No 2012_07, Working Papers from Department of Economics, University of Venice "Ca' Foscari"

Abstract: Segmentation is a core strategy in modern marketing, and age-specific segmentation based on the age of the consumers is very common in practice. Age-specific segmentation enables the change of the segments composition during time and can be studied only by means of dynamic advertising models. Here we assume that a firm wants to optimally promote and sell a single product in an age-segmented market and we model the awareness of this product using an infinite dimensional Nerlove-Arrow goodwill as a state variable. Assuming an infinite time horizon, we use some dynamic programming techniques in infinite dimension to characterize both the optimal advertising effort and the optimal goodwill path in the long run.
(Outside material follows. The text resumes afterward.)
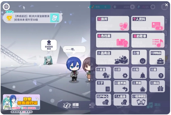 虚拟演唱会:在这个模式中可以让各位玩家实时在游戏中体验演唱会,在观看演唱会的时候,玩家的形象被称为豆腐人在虚拟演唱会过程中,可以通过点击屏幕来挥动应援棒,滑动或倾斜设备来自由移动视角。看完演唱会可以拿到水晶和表情包等奖励。

An interesting feature of the optimal advertising effort is an anticipation effect with respect to the segments considered in the target market, due to time evolution of the segmentation. We analyze this effect in two different scenarios: in the first, the decision makers can choose the advertising flow directed to different age segments at different times, while in the second they can only decide the activation level of an advertising medium with a given age-spectrum.

Keywords: optimal advertising; dynamic programming; vintage capital. (search for similar items in EconPapers)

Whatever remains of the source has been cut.